You need to remember your sole purpose- that of bringing hope and PRESENTS to all the good little girls and boys in the world. Yeah, so maybe I’m about 20 years out of the age range of your average clientele, but damn it! I have a child-like imagination, you fucker! And, you know, maybe I wouldn’t necessarily be categorized as “good”, or “well-behaved”, but I’m tired of letting people walk all over me; and nobody was supposed to know about that whole selling booby pictures for money thing. How was I supposed to know that dude was going to sell them on Ebay? Anyhoo, you’re old enough that you could probably just forget about that whole incident. Except I thought it was kinda weird that the username of the purchaser of afore-mentioned photos was S.A. Claus. Ha. Did you realize your initials spell “sac”? I bet you got alotta shit for that in school.

So, here’s the deal. I’m gonna give you one last chance to bring me everything I ask for. I kinda wondered if you were pissed off because I didn’t leave any cookies for you last year, but hey. I have people I’ve actually met who deserve lovingly-made assorted baked goods more than you. It’s time now for you to be made aware of my demands:

1. I’ve been waiting more than patiently for that Mustang I mentioned last year. When you didn’t bring it, I thought- Fine. I’ll go buy it myself. I don’t need any handouts from a bearded fruity geriatric. But when I went to the Ford dealer, I remembered how fuck-traded the salesmen there were, so I just rolled my eyes and walked out. I’m pretty sure they were looking at my ass the whole time. So yeah. If it won’t fit in your sleigh, frickin’ buy a barge and ship it down here.

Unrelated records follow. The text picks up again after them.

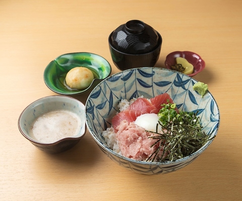 ●選べる温玉丼(まぐろ温玉丼・ネギトロ温玉丼・まぐろネギトロ温玉丼●山芋饅頭あんかけ●自然薯とろろ汁(ハーフ)●赤だし●香の物自然薯とろろ汁無しは1,480円(税込1,628円)
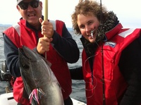 This 45kg butterfly mackeral was caught by Graeme Brownbridge off the coast of Devonport (his son is pictured in the trophy shot). This is the largest fish Graeme has ever reeled in! The bank officer has noticed a change in fishing techniques during his 30 years on the water: it's now more popular to fish with artificials (plastics etc) than bait.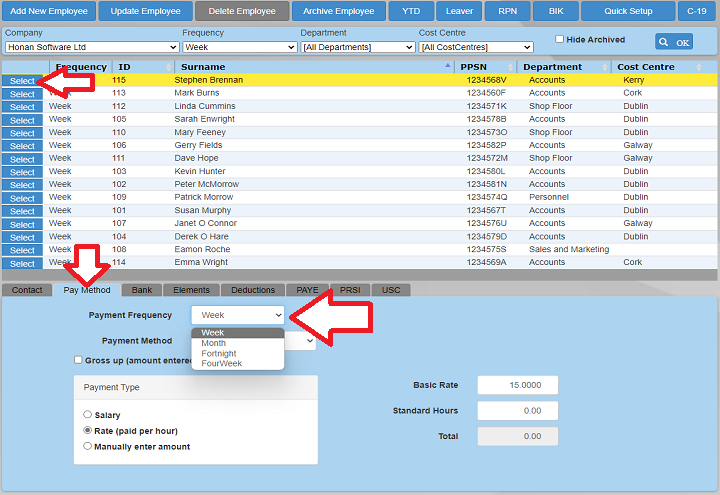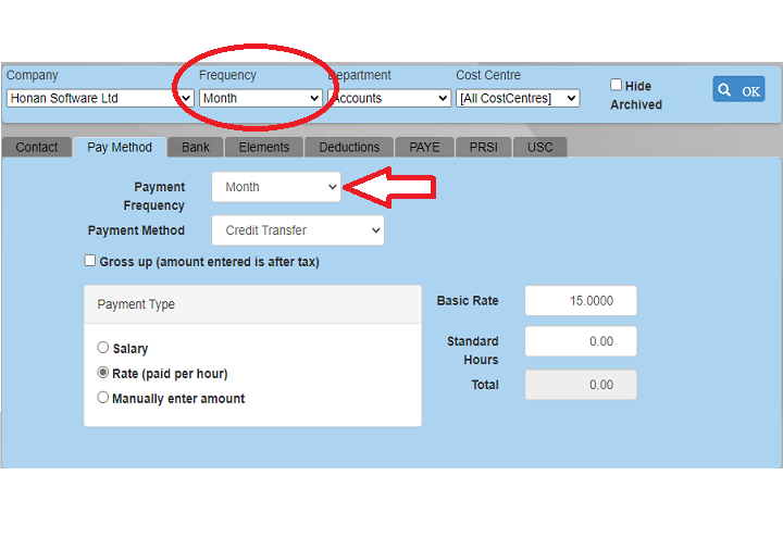 Here you will see a drop down with all the payment frequencies listed that you previously set up in the Company screen. Select the appropriate payment frequency and update the employee.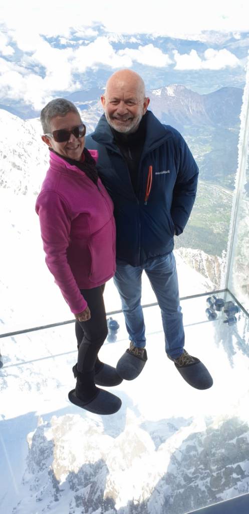 The Aiguille du Midi is the peak on Mont Blanc at 3842m. It’s the closest you can get to the summit of Mont-Blanc without hiking or climbing and we weren’t going to do that, not this time, not ever at our age.
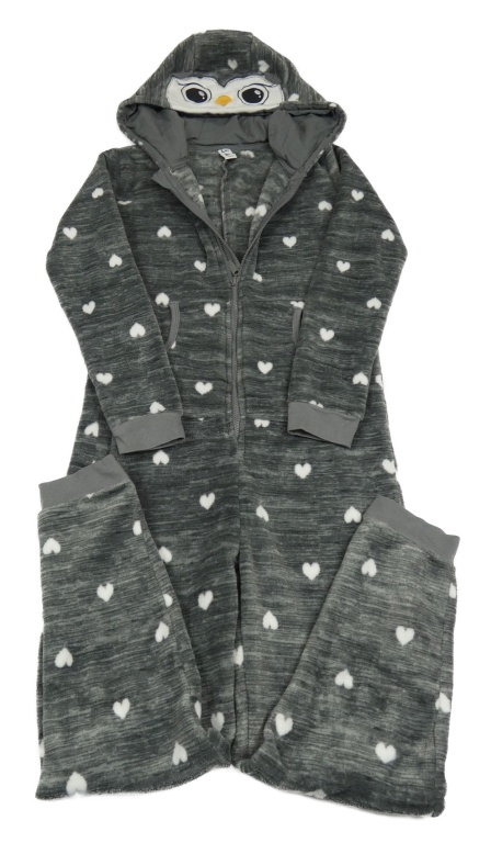 Tmavosivá melírovaná plyšová kombinéza so srdiečkami a kapucí - sovička YIGGA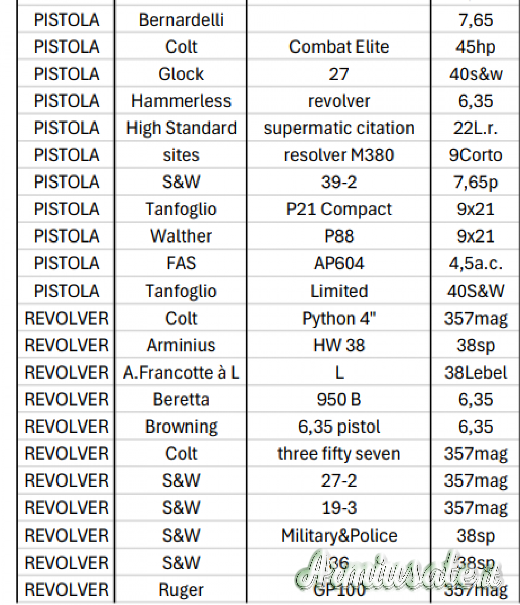 In tutto 40(circa) tra lunghe e corte, carabine, canna liscia, revolver e semiauto, a/c.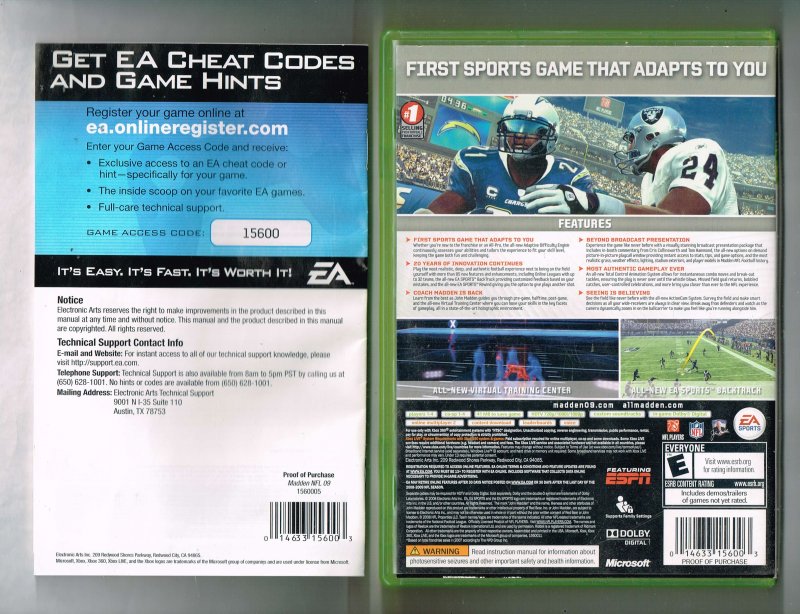 more great Video Games @ www.everything-collectibles.com Madden 2009 Xbox 360 video Game CIB (Case, Manual and Disc). This Video Game is in good used condition as you can see from the picture tested and works. if you have any further questions please don't hesitate to ask! if your order is over $50 Shipping is FREEE within The U.S.!!!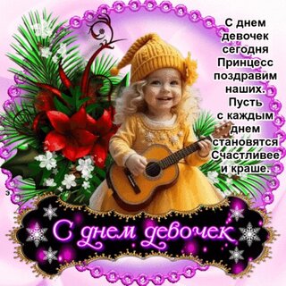 С днем девочек сегодня принцесс поздравим наших. Пусть с каждым днем становятся счастливее и краше. С днем девочек.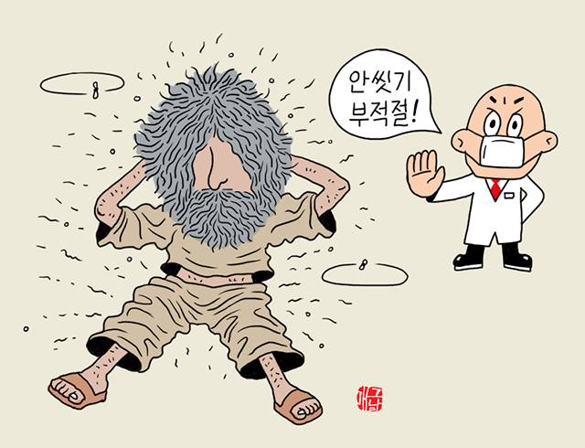 아무우하지 정도는 아니지만 우리 주변에도 씻는 행위에 대해 크고 작은 반감을 가진 사람들을 종종 볼 수 있다. 얼굴과 몸을 씻거나 양치질을 하는 것이 피부·치아 건강에 해롭다고 생각해 씻는 횟수를 줄인다거나, 씻을 때마다 일부 절차를 생략하는 식이다. 범위를 넓히면 특별한 피부질환이 없음에도 샴푸, 비누, 클렌징 제품 등을 극단적으로 사용하지 않는 사람들 또한 포함될 수 있다. 이 같은 행동은 우리 몸에 어떤 영향을 미칠까. 고려대 안산병원 피부과 유화정 교수는 “피지와 먼지를 제거하지 않고 모공이 막혔을 때 제대로 처리하지 않으면 피부염, 모낭염이 발생할 수 있다”며 “부상으로 인해 특정 부위를 오래 씻지 못하는 사람이나 노숙자들의 경우 각질이 튀어나오고 각질과 먼지랑 뒤엉켜 피부에 문제가 생기곤 한다”고 말했다. 이어 “이 남성(아무우하지)의 경우 혼자 생활하다보니 주변에 영향을 주지 않았지만, 집단생활을 할 경우 전염성 질환을 유발할 위험 또한 있다”고 덧붙였다.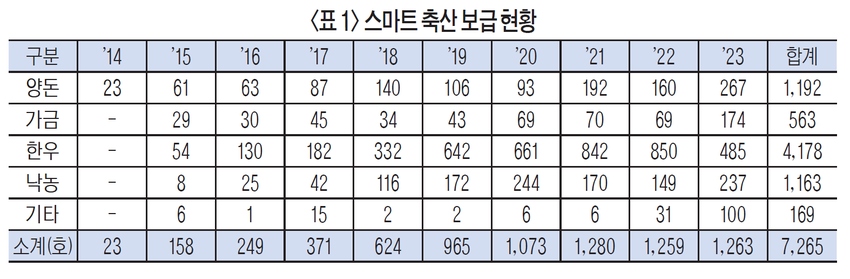 정부는 지난 2014년부터 ‘축산분야 ICT 융복합 확산사업’ 등을 통해 지난해까지 총 7천265호의 축산농장에 스마트 축산을 보급했다. 이는 지난해 기준 전업농가 3만1천500여호의 23.1% 수준이다. 축종별로는 한우농가가 58%로 가장 많았다. 양돈, 낙농가가 각각 16%, 가금농가는 7.7%로 뒤를 이었다.<표1 참조>
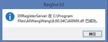 2、在弹出的黑色框中输入 regsvr32命令,然后空格(注意空格不是回车),在把AliIMX.dll拖入黑色框中,AliIMX.dll在阿里旺旺的安装目录下:C:\Program Files\AliWangWang\8.00.34C\AliIMX.dll。然后回车,注册成功后,会生成 wangwangX class对话框。内容是: regsvr32 "C:\Program Files\AliWangWang\8.00.34C\AliIMX.dll" 注册成功,然后回车。
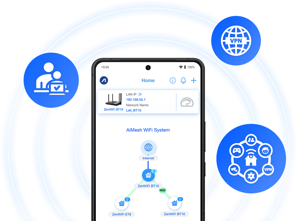 RT-BE50 позволяет легко расширить домашнюю сеть с помощью любого AiMesh-совместимого маршрутизатора ASUS, независимо от поколения WiFi. Превратив имеющиеся маршрутизаторы в mesh-узлы, вы сможете расширить зону покрытия сети и уменьшить количество электронных отходов.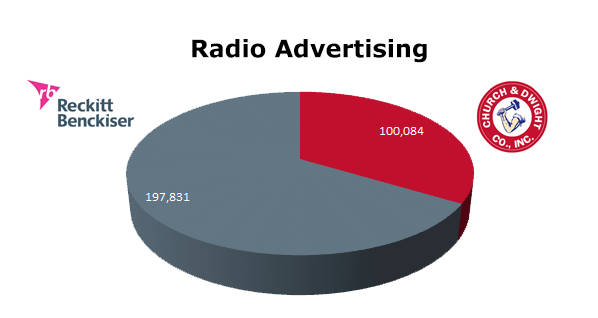 On the Radio, Reckitt Benckiser takes the lead as well with 197,831 spots against Church & Dwight’s 100,084 spots in the last 12 months. Reckitt Benckiser ran the most in July 2012 with 47,184 ads, while Church & Dwight ran the most in December 2012, when they cleared 29,622 spots.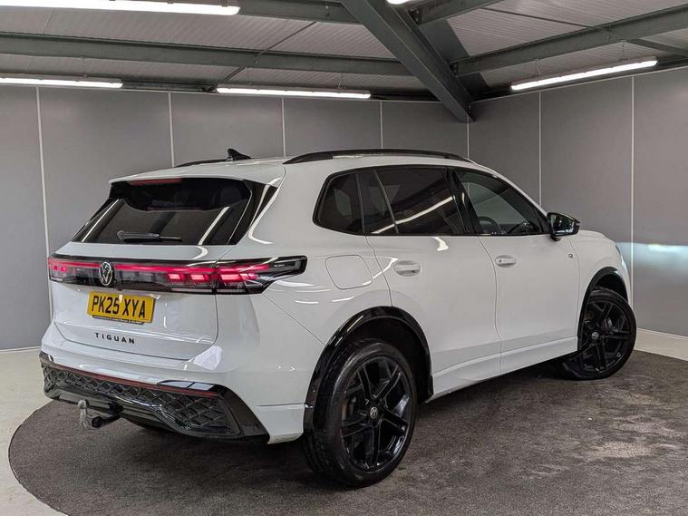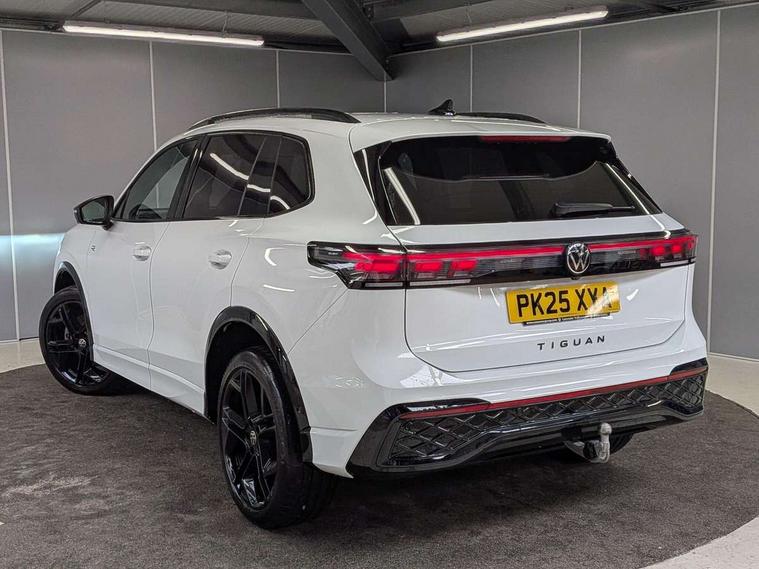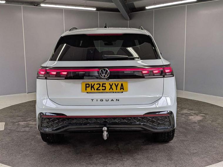 Adaptive cruise control (ACC), Advanced driver attention and drowsiness monitor, Bluetooth mobile phone interface, Car2X technology, Comfort drive travel assist, lane keeping system, lane assist and emergency assist, Digital Cockpit Pro - 10.25" high resolution dash display screen with customisable menus and information, Dynamic road sign display, E-Sim card for online connectivity, eCall emergency call service, Front Assist - Autonomous emergency braking with pedestrian and cyclist monitoring, Lane change system, Side assist, Rear traffic alert and Exit warning system, Oncoming vehicle braking when turning including swerve support, Park assistance plus with front and rear parking sensors, Power assisted steering with speed sensitive, Start/stop system with regenerative braking, Warning signal and warning light for front and rear seatbelts not fastened, Wireless App-Connect, Adaptive chassis control DCC pro includes driving mode selection, All wheel drive - 4Motion, Digital radio reception (DAB), Diversity antenna for FM reception, Air intake with black trim, Ambient lighting with logo projection, Automatic headlight control system, Body coloured door handles, Chrome moldings on the side windows, Coming/leaving home lighting function, Exterior mirror surround light, Heat insulating glass in side and rear windows, Heated rear window, Heated windscreen washer jets, High level 3rd brake light, Illuminated door handle recesses, Illuminated lightline between headlamps, Laminated safety glass windshield, LED Day time running light, Rain sensor windscreen wipers, Rear fog light on one side, reversing light on both sides, Rear side wing doors, Rear wiper, 12V outlet in center console rear and in luggage compartment, 12V socket in centre console, 3 bench rear seats in 2nd row, Air care climatronic 3 zone air conditioning system with rear air conditioning control panel, Black roof lining, Brushed stainless steel pedals, Carpet mats, front and rear, Centre console with illuminated storage compartment with sliding cover and two drinks holders, Chrome elements on the mirror switch and power window switches and door pulls, Door and side trim panel with leatherette insert, Door sill protectors, Entry and exit light, Front centre armrest, Interior ambient lighting with 30 colour options, ISOFIX anchors for child seats on outer rear seats and front passenger seat compatible with i-Size, Mechanical rear seat release, Power adjustable lumbar support in front, Rear bench seat, split folding, longitudinally movable and folding with load-through hatch and centre armrest, Single front passenger seat, Soul headlining, Sports comfort seats in front, Sun visors with illuminated vanity mirrors, Three rear head restraints, Variable luggage compartment floor, Black style package - Tiguan R-Line/Black edition, Driver assistance package - Tiguan, Driving dynamics pack with adaptive chassis control - Tiguan, IQ.LIGHT - HD matrix headlights pack - Tiguan Elegance/Black Edition, 3 point seat belt for centre rear seats, 3 Point seat belts in front with pretensioners, 3 point seatbelts in outer rear with ECE label, Driver and front passenger airbag with front passenger airbag deactivation, Electronic parking brake with auto hold, Front and rear curtain airbags, Front and rear side airbags, Front centre airbag, Front disc brakes, Hill decent control, Hill start assist, Manual child proof rear door locks, Rear disc brakes, Two tone horn, Warning triangle, Decorative inserts, Interior door handle in matte chrome, Soul instrument panel,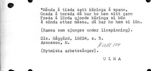 //// "Månda å tisda satt käringa å spann, Onsda å torsda då bar ho hem sitt garn Freda å lörda gjorde käringa si bön å sönda etter mässa, då bar ho hem si lön* //// (Ramsa som sjunges under linspinning). //// Dis. Råggärd, 16824, s. 5. Aronsson, M. //// (Rytmiska arbetssånger). //// U L M A ////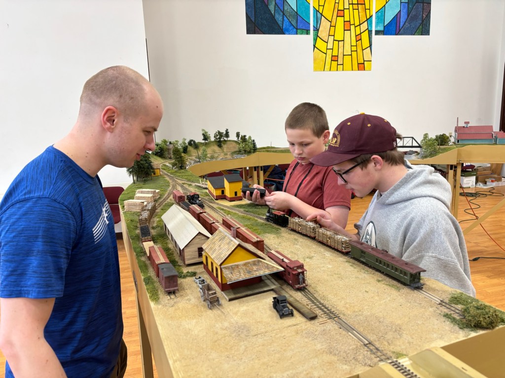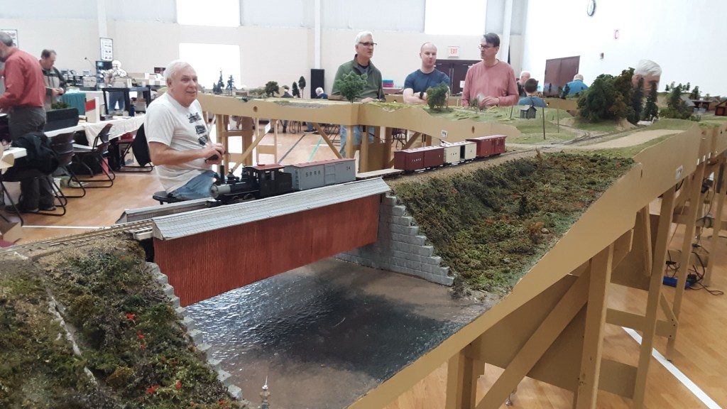 The Maine Sn2 Modelers set up 85’ of module in a Y configuration. We operated it as two branches.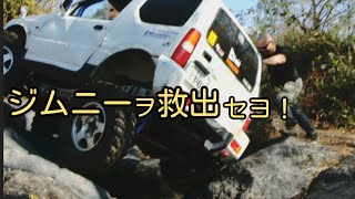岩のV字【ロック】で絶対絶命のジムニーをレスキュー!★救出作戦 rock crawling rescue【MS-16】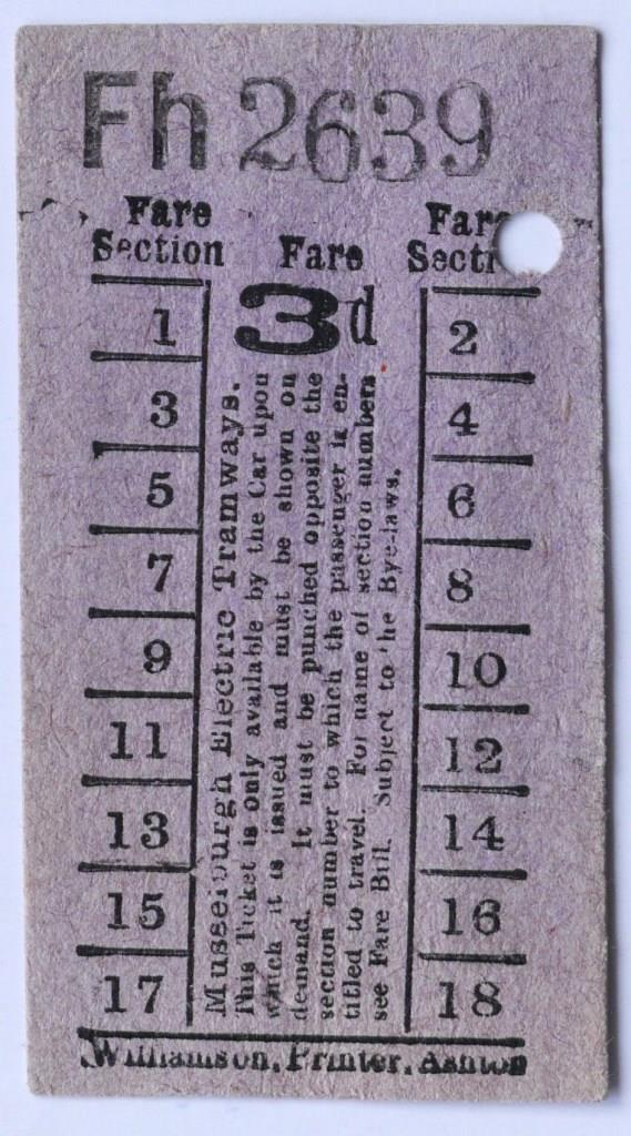 | 724 | Musselburgh Electric Tramways 3d numerical punch type ticket. | £60 |  |

2. I decided that even though one can never have enough books, I should maybe read some of the thousands I already possess. So call up your dealer in Columbia and hook me up with a steady supply of coke, so I have enough energy to read after my normal 12 hour days at work. I also expect one of those awesome antique wingbacked chairs to sit in.

3. Since you have an army of elves, I don’t think it would be too difficult for you to just give one to me. I always wanted my very own little person to do my bidding. Not to be racist, but it seems normal for an elf to be sub-servient to someone of slightly higher stature. Just to be on the safe side, send one of the runty ones, though. And make sure that little shit is one of the good singers. I expect to be serenaded in an acceptable high-pitched manner.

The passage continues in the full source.